Churchill was born in Maine, but he went to med school in California.  He decided being a doctor wasn’t for him, but stayed on afterwards playing piano in theaters.  He got noticed and Walt Disney hired him.  A few years after that the two put together the animated short Three Little Pigs, which won an Oscar for Best Short Subject, Cartoons.  Churchill was tasked with not only scoring the short, but coming up with a song that could be sung during it.  The result was “Who’s Afraid of the Big Bad Wolf”, which was immediately very popular.  Disney would go on to win Oscar the next two years as well with The Tortoise and the Hare and Three Orphan Kittens, both also scored by Churchill.

It was only natural that when Disney wanted to make his first feature length animated movie he would turn to Churchill.  Collaborating with lyricist Larry Morey, Churchill wrote such classics as Some Day My Prince Will Come, Whistle While You Work, Heigh Ho, and many others for this film.  Churchill would share an Oscar nomination for Best Score, but would undeservedly lose to One Hundred Men and a Girl.  (Quick, whistle a tune from that movie.  I rest my case.)  Snow White and the Seven Dwarfs became the first film to ever release a soundtrack recording connected with it.  This proved to be as popular as the film.

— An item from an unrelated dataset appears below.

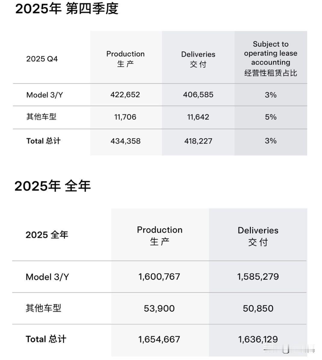 2026年1月2日,特斯拉发布2025年全球生产与交付报告。数据显示,特斯拉2025年全年全球范围内共计生产电动车约165.5万辆,交付约163.6万辆;储能产品全年装机量达46.7吉瓦时,同比增长48.7%。其中第四季度特斯拉全球生产电动车约43.4万辆,交付共41.8万辆;储能产品装机量达14.2吉瓦时,环比增长13%,创下季度装机量新纪录。 根据此前公司发布的数据,2025年特斯拉超级充电网络规模扩大了18%;Powerwall全球安装量突破百万;与美国道路平均值相比,特斯拉智能辅助驾驶已经将重大碰撞事故发生率降至1/8。2025年12月30日,特斯拉全球第900万辆电动车顺利在上海超级工厂下线。
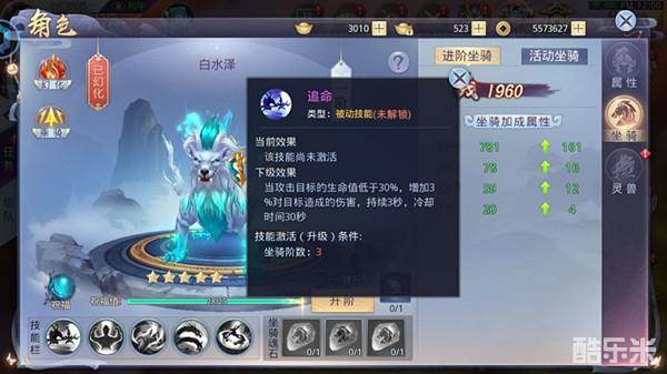进阶坐骑有五个被动技能,在坐骑达到三阶之后即可解锁第一个被动技能“追命”,其他四个被动技能则在坐骑阶数达到五,七,九,十阶自动解锁哟~

Churchill would go on to win Oscar for his score for Dumbo, and would also receive nominations for Best Original Song in Dumbo, as well as his score and an original song for Bambi.  It looked like Churchill had a long, successful career ahead of him at Disney Studios, but the story doesn’t end well.  On May 13, 1942 he told co-workers that he was headed to his ranch for some rest.  The next day he was found there, dead from a gunshot wound.  It was ruled a suicide.  He was only 40 years old.

Rather than leave his bio on a depressing note, I will add that Churchill is widely considered the most important composer Disney worked with on any of his films.  Stop to think of Dumbo, Bambi, or Snow White and the Seven Dwarfs and it doesn’t take long to think of the music in connection with such scenes as Dumbo flying or Bambi and his mother in the forest.  Can you imagine Snow White and the Seven Dwarfs being as popular as it was without the bouncy music to go along with it?

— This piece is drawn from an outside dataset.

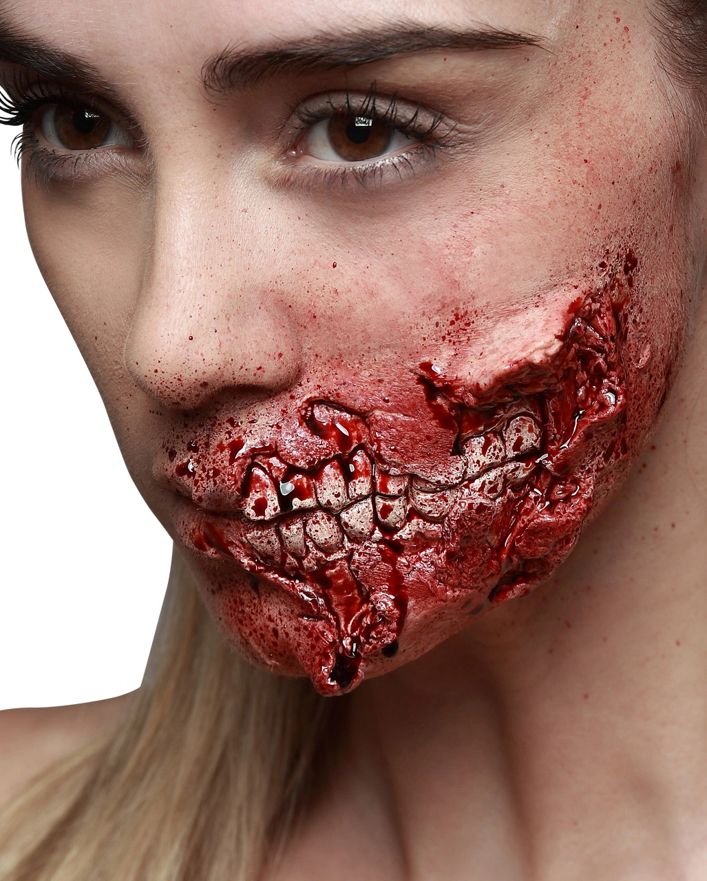 Ein filmreifes Spezial Make-up muss für Halloween und Zombie Walk richtig drastisch Aussehen! Was gibt es schlimmeres als eine von Zombies aufgerissene Backe, aus der zum Teil das blanke Kiefer zu sehen ist? Die riesige Fleischwunde zeugt von einem kräftigen Biss, der durch einen tollwütigen Zombie verursacht wurde. Die zerfetzte Backe, lässt einen Blick, auf die sich darunter befindliche Kauleiste zu und lässt einen Zahnarztbesuch dringend notwendig erscheinen.

For anyone who happens to have never seen the film, read the fairy tale it was based on, or seen any of the dozens of other films made of the same story (two in 2012 alone), here is an overview.  A young woman named Snow White flees her evil stepmother and comes to the home of seven dwarfs in the middle of the forest.  They are typical bachelors who wouldn’t recognize a dirty house if they tripped over the mounds of dirt in it, so she sets about making the cottage respectable.  In return they help her when her evil stepmother comes to find her.  There’s also a charming prince – more by name than by actions – but he’s not really that big a presence.  It’s much more about the title characters.  (Technically, the prince has no name in the film, but Snow White refers to him as charming.)

One thing that startles people who are used to more modern Disney films and who see this movie for the first time is the appearance of Snow White.  Her face and hair were drawn in the style of the fashion of the 1930s, and she is decidedly not curvy.  Compare that to more recent animated Disney characters like Belle from Beauty and the Beast or Ariel from The Little Mermaid.

Some people thought Walt Disney was going to ruin himself and his studio by making this film, but Snow White and the Seven Dwarfs was extremely popular with the American public.  Much is made of box office numbers for movies when they are released now.  Titanic famously made 600 million dollars in the U.S. alone, and Avatar and The Avengers later surpassed that figure.  Well, none of those three films hold a candle to Snow White and the Seven Dwarfs, if you adjust for inflation.  This film sold over one billion dollars in tickets in modern dollars.  In movie history it is only surpassed by Gone with the Wind.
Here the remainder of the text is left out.